▶ [EXERCISE DETAILS]: Skip all pictures. Write out the data below from its first line through the line that contains "Valitse kolme vaakatasossa".
******************************
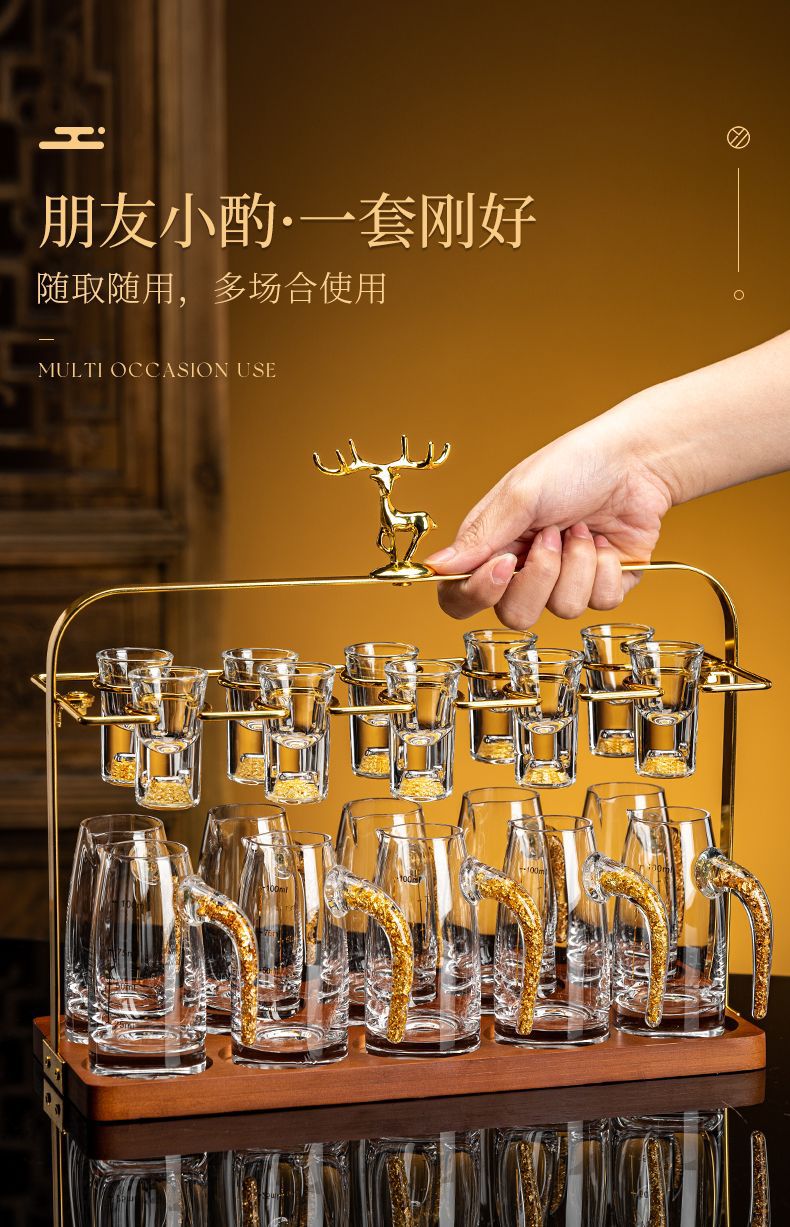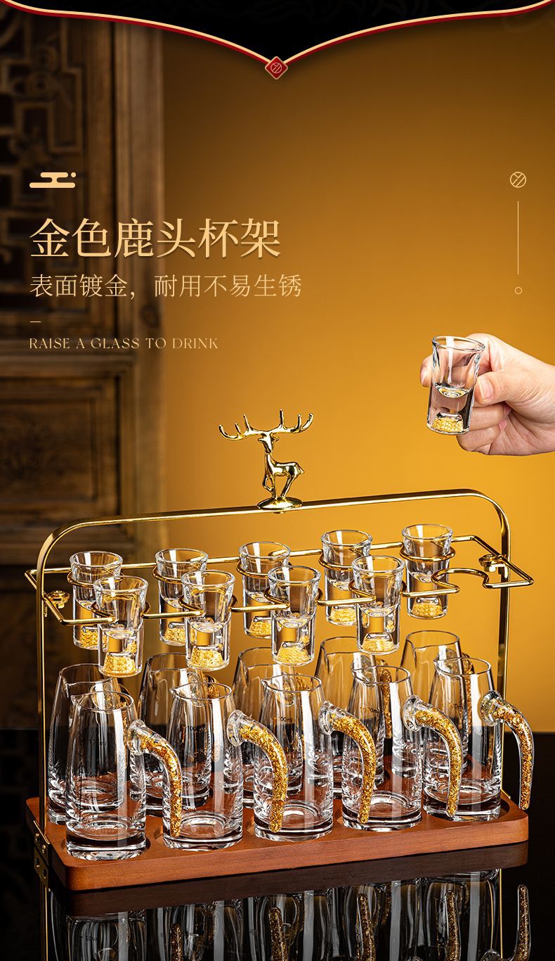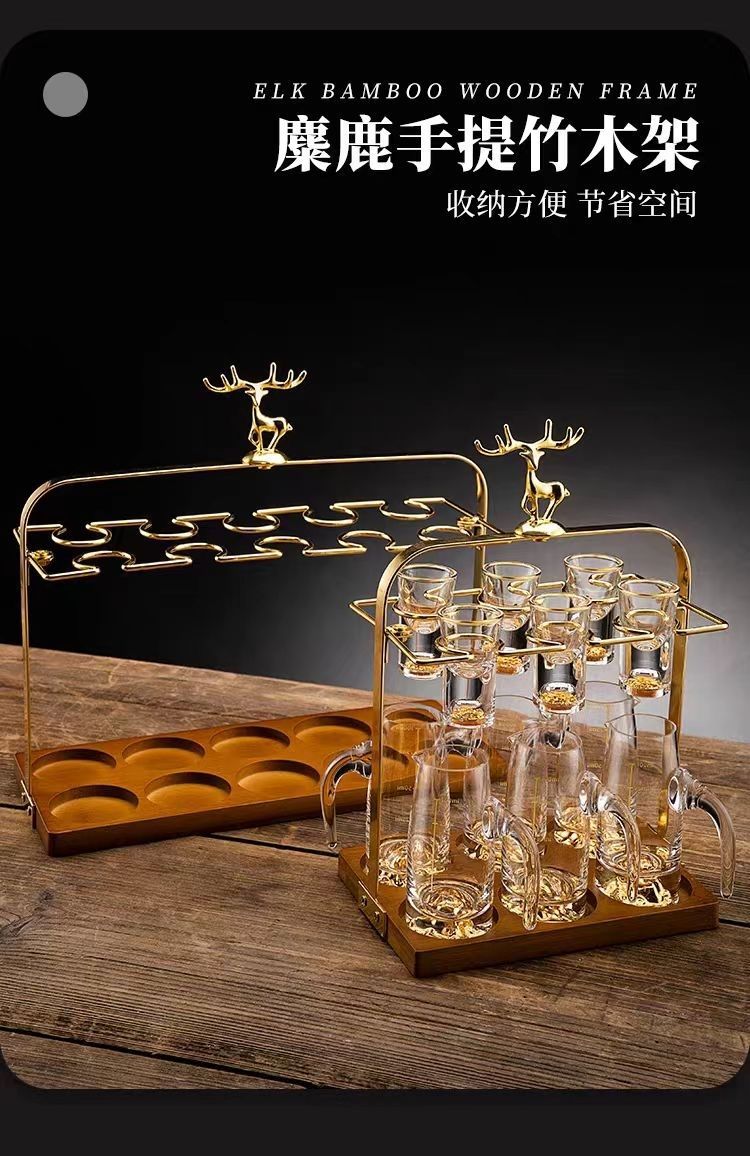 白酒杯分酒器架子创意轻奢酒杯架一口杯鹿头酒架酒具精致水杯杯架
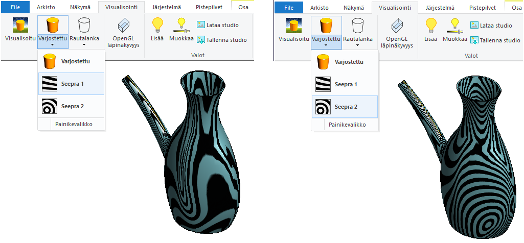 Valitse kolme vaakatasossa olevaa (kannun runkoa kuvaavaa) poikkileikkausta.
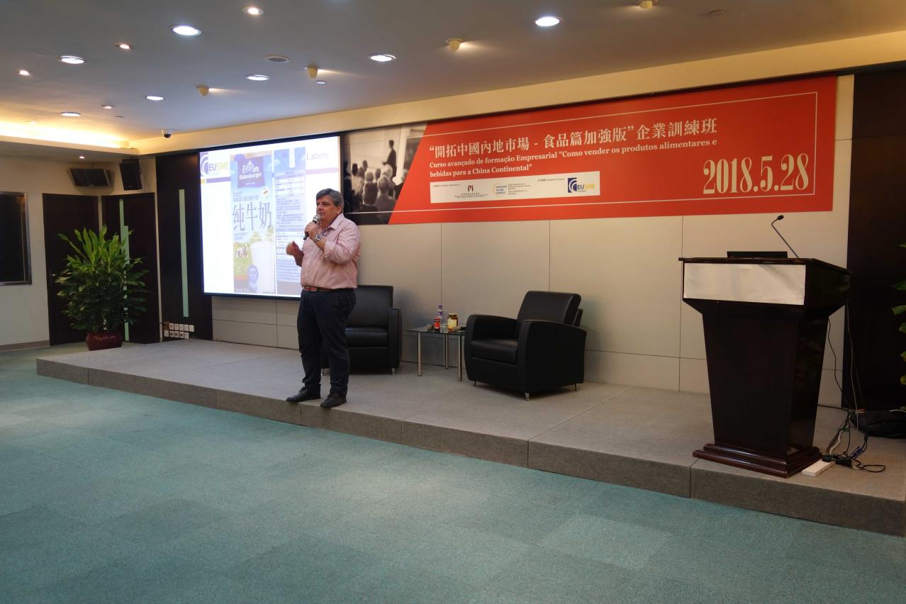 In order to enhance the development of Macao as the commercial and trade co-operation service platform between China and Portuguese-speaking countries, particularly, as a distribution centre for food of Portuguese-speaking countries among the “three centres”, and assist the food brands from Portuguese-speaking countries and Macao food enterprises to open up the huge consumer market in Mainland China, the Enterprise Training on “How to Sell Food & Beverage Products to China” which is jointly organised by the Macao Trade and Investment Promotion Institute (IPIM) and the Macao office of Enterprise Europe Network Central China (EENCC Macao), and supported by EU SME Centre was held today (28th) at the Multi-Functional Conference Hall of IPIM on the 19th floor of Edificio China Civil Plaza. The training attracted more than 100 representatives of local chambers of commerce and enterprises.
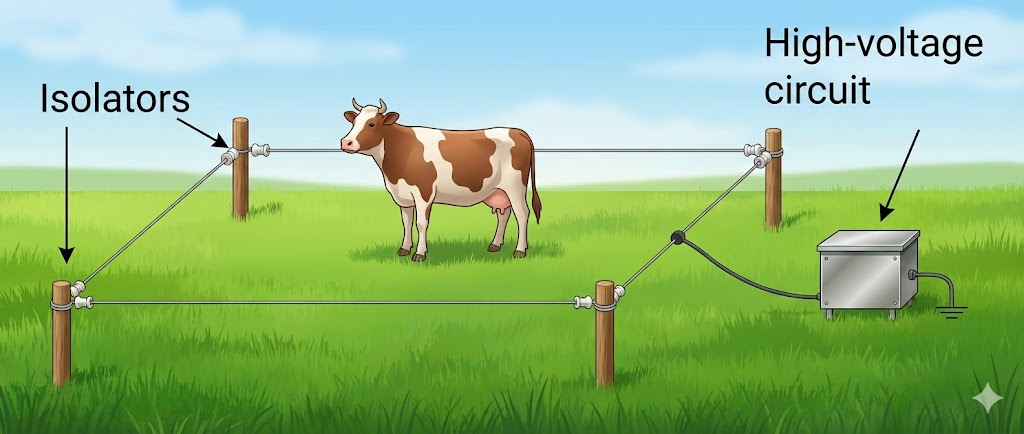 O circuito é alimentado pela rede de energia CA, mas é seguro porque os eletrodos de alta tensão são isolados. Porém, embora não seja perigoso, pode causar choques severos se tocado, por isso o montador deve cuidar de sua instalação, colocando-o onde ninguém tenha acesso aos eletrodos. O circuito também pode ser utilizado como cerca elétrica, mantendo os animais confinados, conforme sugere a Figura 3.15.1. O fio descoberto deve ser isolado nesta aplicação.
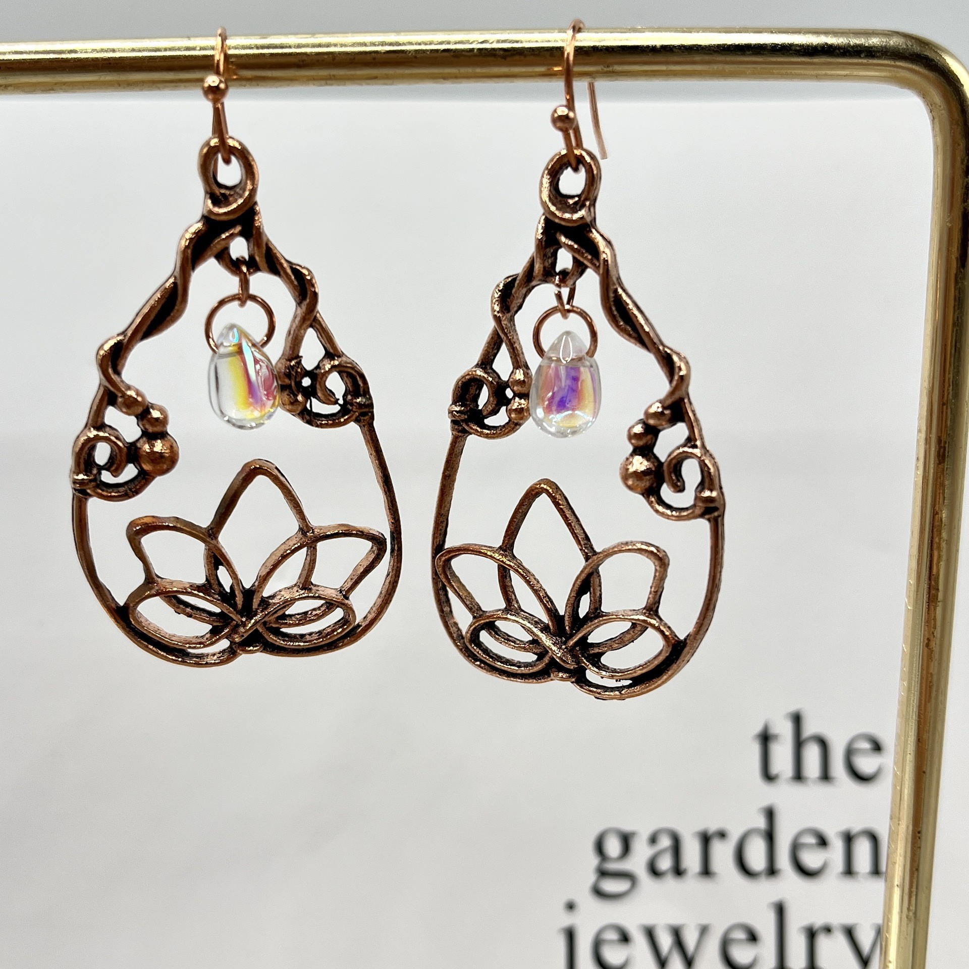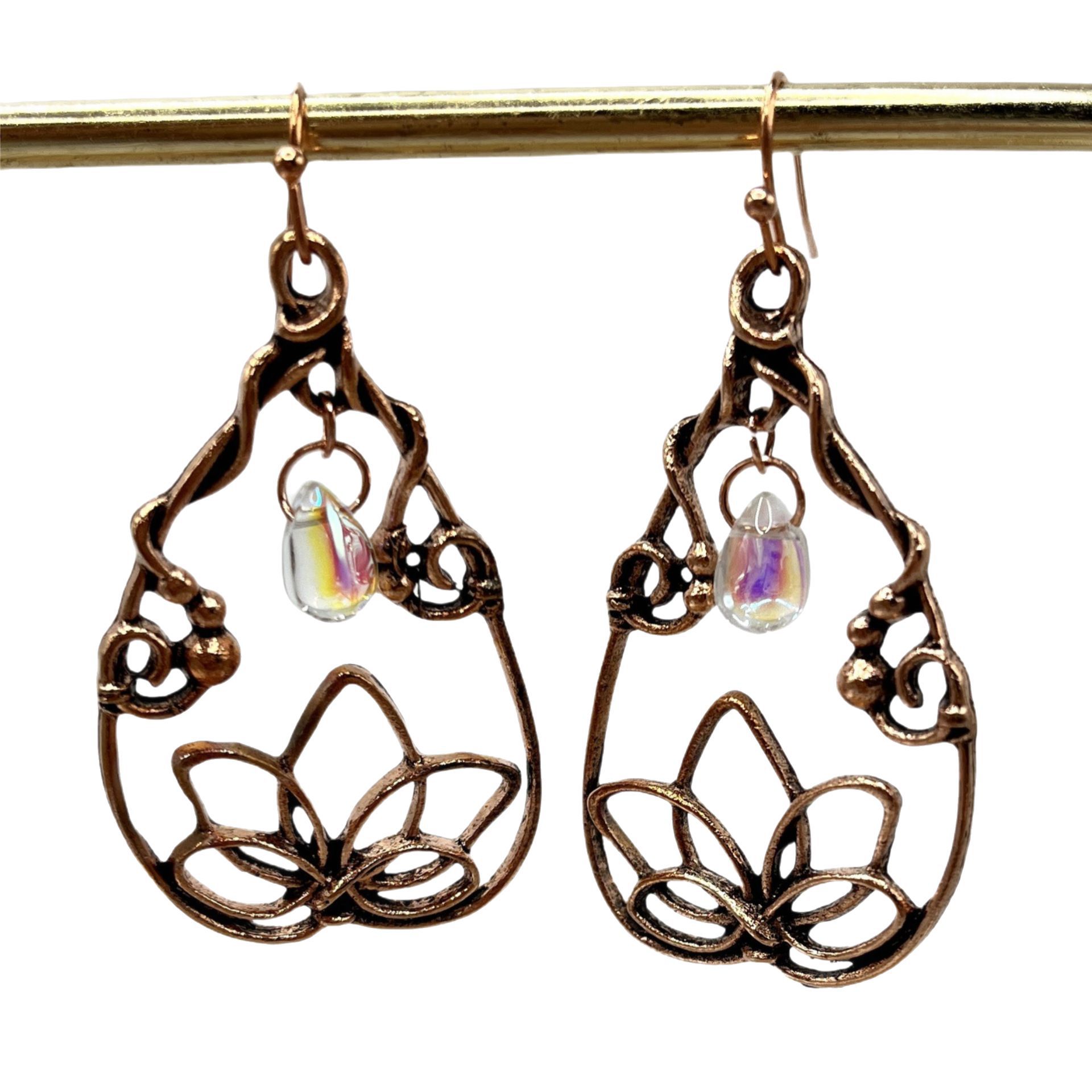 Retro Lotus Flower Waterdrop-Shaped Earrings Inlaid With Moonstone
******************************
▶ [PROBLEM SOLUTION]:
 白酒杯分酒器架子创意轻奢酒杯架一口杯鹿头酒架酒具精致水杯杯架
 Valitse kolme vaakatasossa olevaa (kannun runkoa kuvaavaa) poikkileikkausta.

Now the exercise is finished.